Start of Exercise input

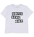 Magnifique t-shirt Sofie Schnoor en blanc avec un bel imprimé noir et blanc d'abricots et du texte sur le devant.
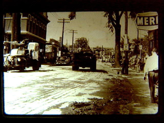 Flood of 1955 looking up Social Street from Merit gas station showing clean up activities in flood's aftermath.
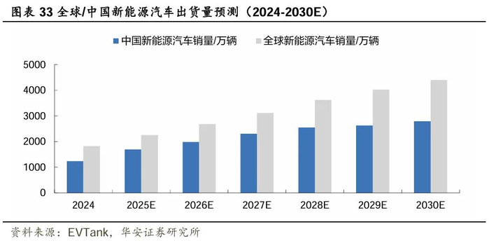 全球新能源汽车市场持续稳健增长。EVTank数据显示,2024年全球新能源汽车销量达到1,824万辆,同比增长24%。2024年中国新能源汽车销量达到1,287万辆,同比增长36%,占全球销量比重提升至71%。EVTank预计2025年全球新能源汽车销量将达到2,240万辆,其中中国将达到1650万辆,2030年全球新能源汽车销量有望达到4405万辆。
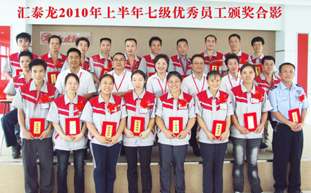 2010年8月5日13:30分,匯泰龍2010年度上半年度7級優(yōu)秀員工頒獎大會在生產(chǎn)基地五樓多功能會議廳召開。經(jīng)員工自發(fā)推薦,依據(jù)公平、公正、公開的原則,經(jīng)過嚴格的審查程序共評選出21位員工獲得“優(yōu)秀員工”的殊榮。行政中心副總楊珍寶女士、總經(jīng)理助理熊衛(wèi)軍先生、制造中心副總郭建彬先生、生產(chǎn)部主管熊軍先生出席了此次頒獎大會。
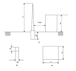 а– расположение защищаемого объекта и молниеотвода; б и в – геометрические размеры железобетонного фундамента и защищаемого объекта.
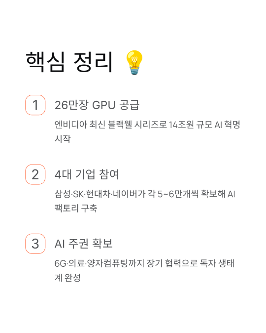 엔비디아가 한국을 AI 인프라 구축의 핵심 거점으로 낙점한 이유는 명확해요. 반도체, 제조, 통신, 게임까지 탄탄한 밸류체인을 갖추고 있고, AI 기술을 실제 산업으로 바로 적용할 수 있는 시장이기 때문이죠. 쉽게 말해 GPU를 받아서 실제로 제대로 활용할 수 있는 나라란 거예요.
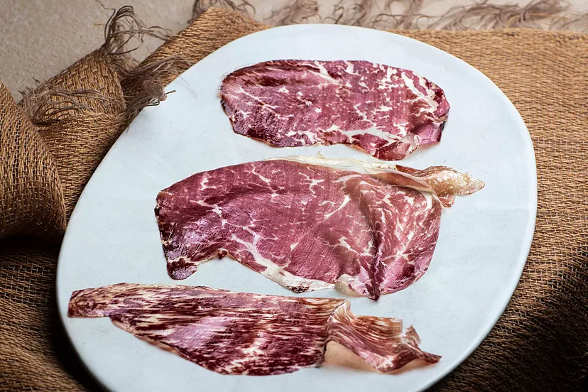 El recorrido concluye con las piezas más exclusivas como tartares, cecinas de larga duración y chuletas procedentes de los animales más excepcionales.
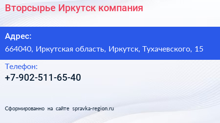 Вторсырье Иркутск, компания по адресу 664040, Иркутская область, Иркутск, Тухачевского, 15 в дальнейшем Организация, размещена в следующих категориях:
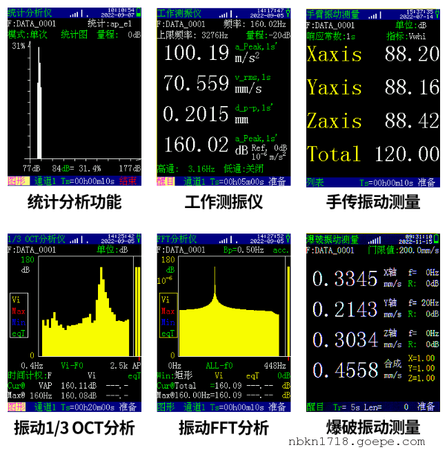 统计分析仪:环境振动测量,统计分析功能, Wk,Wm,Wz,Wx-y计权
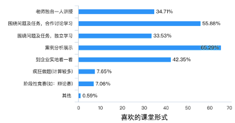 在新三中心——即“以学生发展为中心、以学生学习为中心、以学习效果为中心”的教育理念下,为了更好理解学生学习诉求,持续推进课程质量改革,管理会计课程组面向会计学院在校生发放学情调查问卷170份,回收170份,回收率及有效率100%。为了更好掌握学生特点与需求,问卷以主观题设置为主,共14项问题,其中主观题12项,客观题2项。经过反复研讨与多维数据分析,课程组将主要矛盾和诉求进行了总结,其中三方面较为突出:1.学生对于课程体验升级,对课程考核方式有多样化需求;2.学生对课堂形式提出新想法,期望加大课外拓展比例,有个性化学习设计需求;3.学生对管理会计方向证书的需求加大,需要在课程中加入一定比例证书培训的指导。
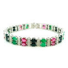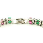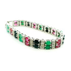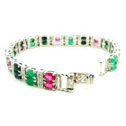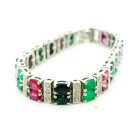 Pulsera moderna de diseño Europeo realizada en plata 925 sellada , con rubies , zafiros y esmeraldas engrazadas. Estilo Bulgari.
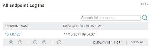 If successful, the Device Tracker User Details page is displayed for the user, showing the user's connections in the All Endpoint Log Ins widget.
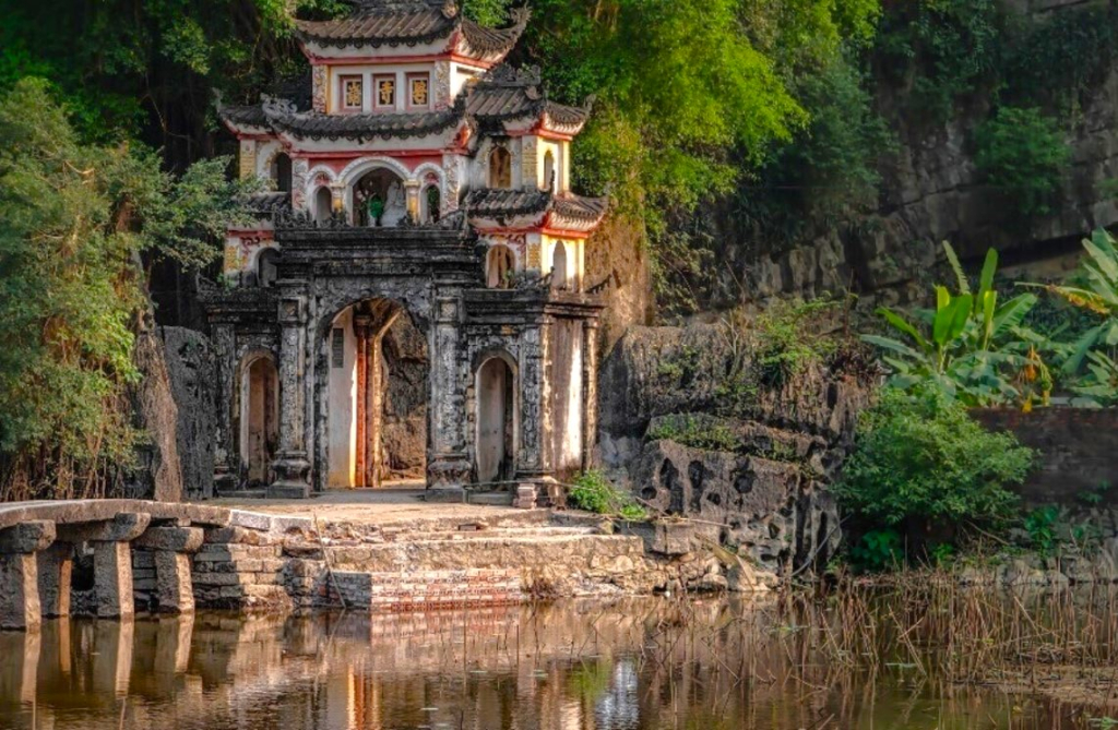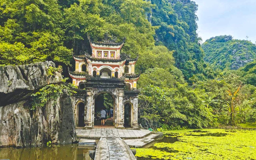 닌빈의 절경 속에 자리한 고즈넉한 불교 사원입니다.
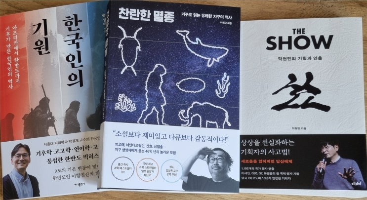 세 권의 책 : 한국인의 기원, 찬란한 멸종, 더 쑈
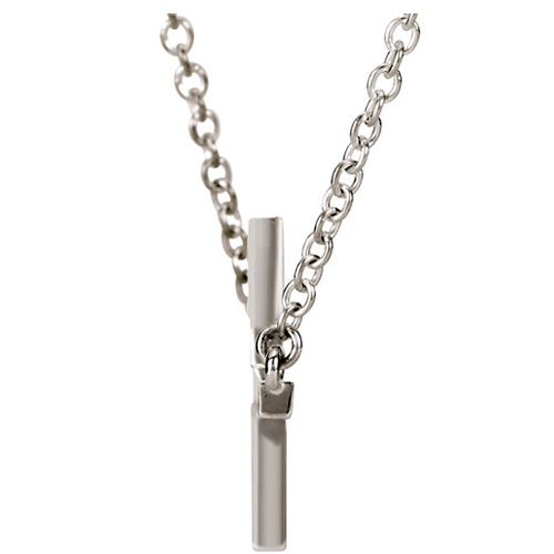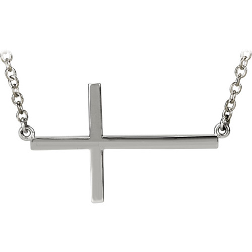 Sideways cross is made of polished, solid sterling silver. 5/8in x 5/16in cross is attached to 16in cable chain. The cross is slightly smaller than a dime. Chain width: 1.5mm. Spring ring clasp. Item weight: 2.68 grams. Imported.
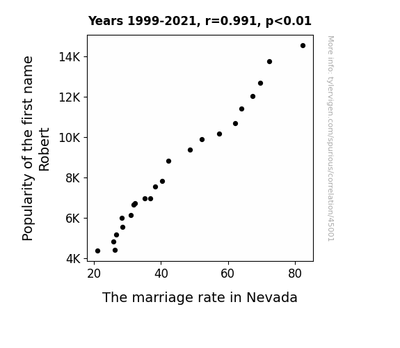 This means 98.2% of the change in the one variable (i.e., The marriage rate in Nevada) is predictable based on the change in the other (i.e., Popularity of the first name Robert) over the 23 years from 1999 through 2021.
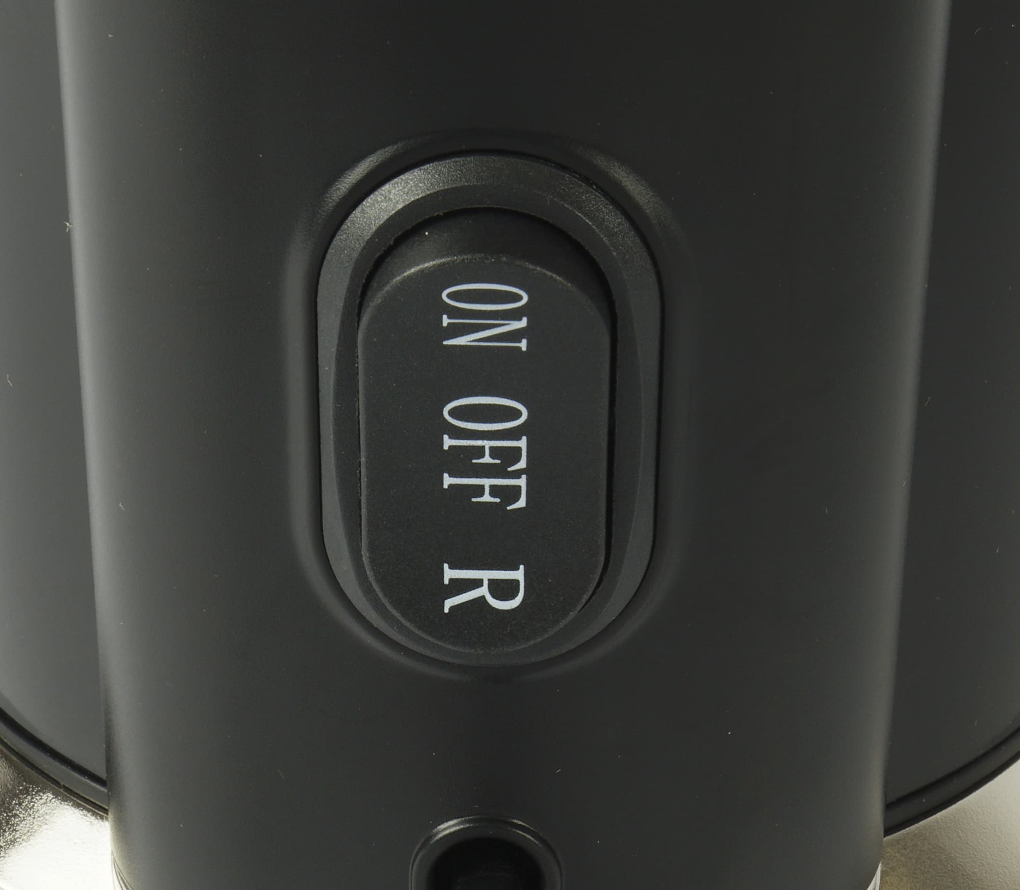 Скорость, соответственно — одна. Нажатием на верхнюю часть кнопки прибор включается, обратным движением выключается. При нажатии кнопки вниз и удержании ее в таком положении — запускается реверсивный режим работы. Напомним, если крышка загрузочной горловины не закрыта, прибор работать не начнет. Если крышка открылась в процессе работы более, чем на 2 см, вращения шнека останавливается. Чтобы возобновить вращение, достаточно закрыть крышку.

End of Exercise input
Start of Exercise input

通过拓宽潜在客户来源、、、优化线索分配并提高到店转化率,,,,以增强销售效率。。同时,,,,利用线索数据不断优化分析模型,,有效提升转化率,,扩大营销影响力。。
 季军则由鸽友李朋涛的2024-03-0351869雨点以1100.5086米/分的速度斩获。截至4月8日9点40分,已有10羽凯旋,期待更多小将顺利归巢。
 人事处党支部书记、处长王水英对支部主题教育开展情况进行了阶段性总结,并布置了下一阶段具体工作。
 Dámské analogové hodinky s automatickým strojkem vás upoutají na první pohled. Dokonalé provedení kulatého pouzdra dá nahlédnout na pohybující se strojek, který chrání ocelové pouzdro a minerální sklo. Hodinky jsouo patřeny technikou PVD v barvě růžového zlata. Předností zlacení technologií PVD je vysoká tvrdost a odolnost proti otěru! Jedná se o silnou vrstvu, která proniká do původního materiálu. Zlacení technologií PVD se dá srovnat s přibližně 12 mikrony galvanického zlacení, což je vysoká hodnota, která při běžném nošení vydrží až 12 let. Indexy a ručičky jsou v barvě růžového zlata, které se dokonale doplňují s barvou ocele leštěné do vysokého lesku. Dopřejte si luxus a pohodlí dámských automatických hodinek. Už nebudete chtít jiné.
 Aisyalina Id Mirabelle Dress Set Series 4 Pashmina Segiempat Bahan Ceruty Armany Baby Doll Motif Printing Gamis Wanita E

End of Exercise input

Assignment: Beginning with the line containing "季军则由鸽友李朋涛的2024" in the material above, copy every line exactly until you have copied the line containing "人事处党支部书记、处长王水英".

Solution to this task:
 季军则由鸽友李朋涛的2024-03-0351869雨点以1100.5086米/分的速度斩获。截至4月8日9点40分,已有10羽凯旋,期待更多小将顺利归巢。
 人事处党支部书记、处长王水英对支部主题教育开展情况进行了阶段性总结,并布置了下一阶段具体工作。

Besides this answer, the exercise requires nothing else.